OPINIÓN
Estaba regresando de un viaje de vacaciones con mi familia. Viajábamos en un avión rumbo a la ciudad principal para tomar la conexión a mi país. En la fila de adelante había un señor de unos 70 años, que se le veía en un estado físico bastante deteriorado. El señor tenía sobre peso y aparentemente dificultades para respirar.
Al poco tiempo de iniciado el vuelo había pedido una mascarilla de oxígeno, que usaba con desesperación, tratando de hacer ingresar aire a sus pulmones.
Pero al poco tiempo, me da la impresión de que la persona se desmaya. Sentado en su sitio, su brazo, que antes sostenía la máscara, cae al suelo violentamente. Una persona que iba sentada en su misma fila, pero al otro lado del pasadizo se para rápidamente y grita: “Soy doctor y este hombre acaba de tener un infarto”. El médico empieza a revivirlo presionando su pecho intentando recuperar los latidos.

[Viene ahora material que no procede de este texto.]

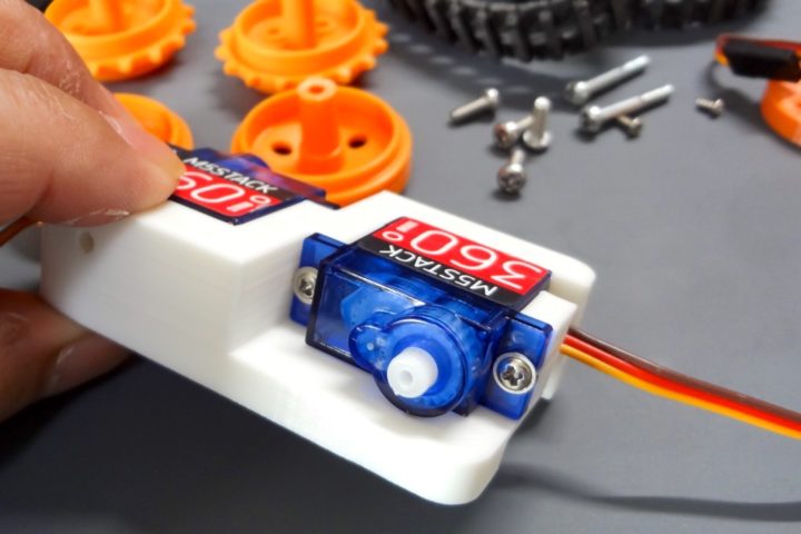 ギアボックスを使い3mmシャフトでホイールを固定して動かすものですが、3Dプリンタでマウントパーツを作成しこれをSG90サーボモーターで動かせるようにしています。

Mirando esta escena desde el asiento de atrás, me sentía impotente, no sabía cómo ayudar. A la vez sentía miedo, ese miedo a la muerte que todos llevamos dentro. Por otro lado, me sentía mal de que mis hijos estuvieran viendo esta tragedia. Pero mis miedos no eran importantes, había un hombre muriendo que había que ayudar.

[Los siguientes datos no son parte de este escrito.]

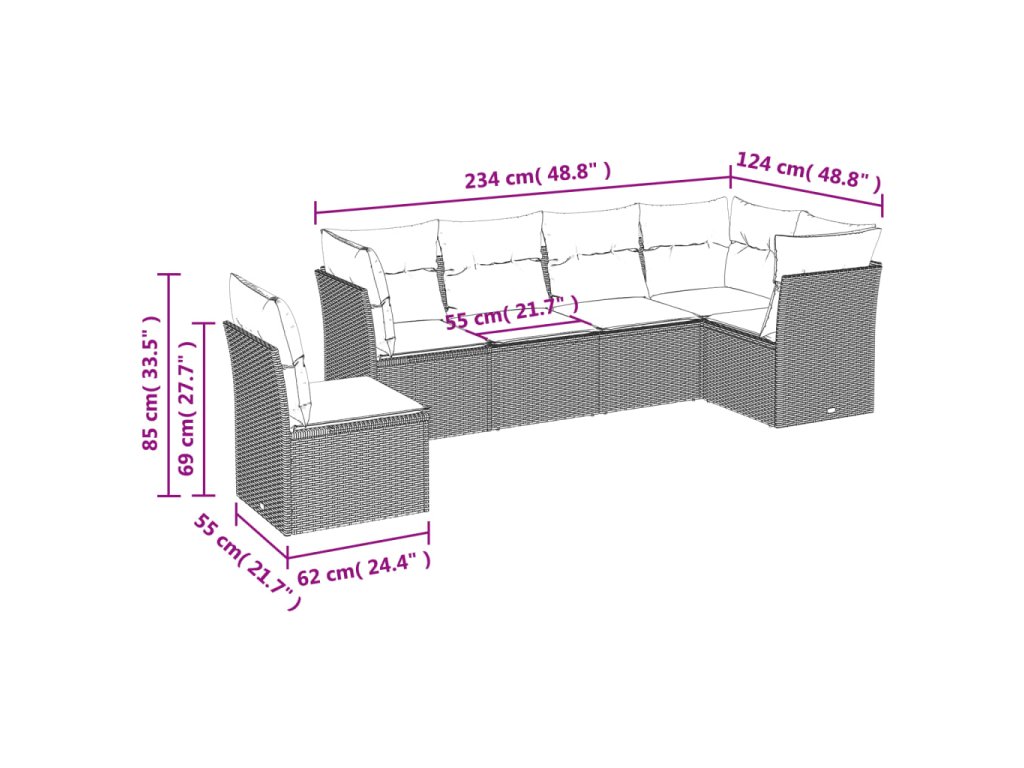 6dílná zahradní sedací souprava s poduškami černá polyratan 3217696
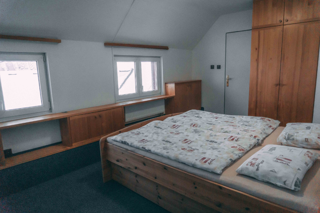 Bei Interesse kann das gesamte Haus gemietet werden (Kapazität 17 Personen). Die erste Etage ist ein Appartement mit eigener Küche und Sozialeinrichtungen (Platz für 8 Personen). Im zweiten Stock gibt es drei Zimmer (zwei-, drei-, vierbett) mit eigener Sozialeinrichtung. Im Erdgeschoss gibt es ein Gesellschaftsraum mit dem Kachelofen und eine voll ausgestattete Küche. Im gesamten Objekt gibt es eine WLAN-Verbindung.

El doctor pidió la inyección de adrenalina que normalmente tienen los aviones y rápidamente se la inyectó. Siguió presionando el pecho intentando revivirlo y en eso vino el hijo del enfermo que se encontraba en la parte de atrás del avión. Al ver a su padre sin pulso, se desmayó delante de nosotros, pero las aeromozas rápidamente lo reanimaron.
Al poco tiempo, el doctor logró revivir al paciente y recuperar el pulso. El doctor avisó a todos los que estábamos viendo esta tragedia que el paciente ya respiraba. Después de unos momentos el paciente ya escuchaba y reconocía la voz del doctor. El avión hizo un descenso de emergencia para poder evacuar a la persona hacia un hospital. La emergencia había pasado.

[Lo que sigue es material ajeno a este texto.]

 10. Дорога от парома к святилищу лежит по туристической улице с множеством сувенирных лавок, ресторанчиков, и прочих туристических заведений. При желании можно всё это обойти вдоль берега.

Esta es una experiencia que mis hijos y yo nunca vamos a olvidar. La memoria es más duradera cuando las situaciones se almacenan con emociones fuertes. Durante la experiencia no pensaba, estaba “capturado” por la amígdala en el cerebro que ante la amenaza que vivía, me generaba estrés, pánico y paralización. Pero una vez que pasó la emergencia, recuperé mi mente. Reflexioné sobre las probabilidades de que la situación que acababa de vivir ocurriera en la realidad. ¿Cuáles son las probabilidades de que a una persona le dé un infarto en un avión? Quizás no tan bajas, pero ¿cuáles son las probabilidades de que le dé un infarto a una persona en un avión y que tenga la suerte de tener sentada a su costado a un doctor? Me parece que las probabilidades son ínfimas, más aún, que el doctor no haya estado durmiendo o leyendo y que se haya dado cuenta de que la persona estaba teniendo un infarto.
Soy un convencido de que uno se construye la suerte en un gran porcentaje. Pero también creo que existen algunas “coincidencias” en la vida que no son realmente coincidencias. Este episodio en el avión es una de ellas. A esta persona no le tocaba morir en ese momento. A este fenómeno algunos lo llaman sincronicidad. Carl Jung definió la sincronicidad como una consecuencia significativa de dos o más sucesos en la que está implicada algo más que la probabilidad aleatoria. Creer en la sincronicidad es creer que los seres humanos estamos conectados a un nivel mayor del que asumimos. ¿Alguna vez en su vida ha tenido una coincidencia que rompe las leyes de la probabilidad? Quizás algunos lectores crean que solo son coincidencias. Pero el beneficio de tener la creencia de que existe la sincronicidad, te permite estar más preparado para tomar ventaja cuando estas coincidencias ocurran en el futuro.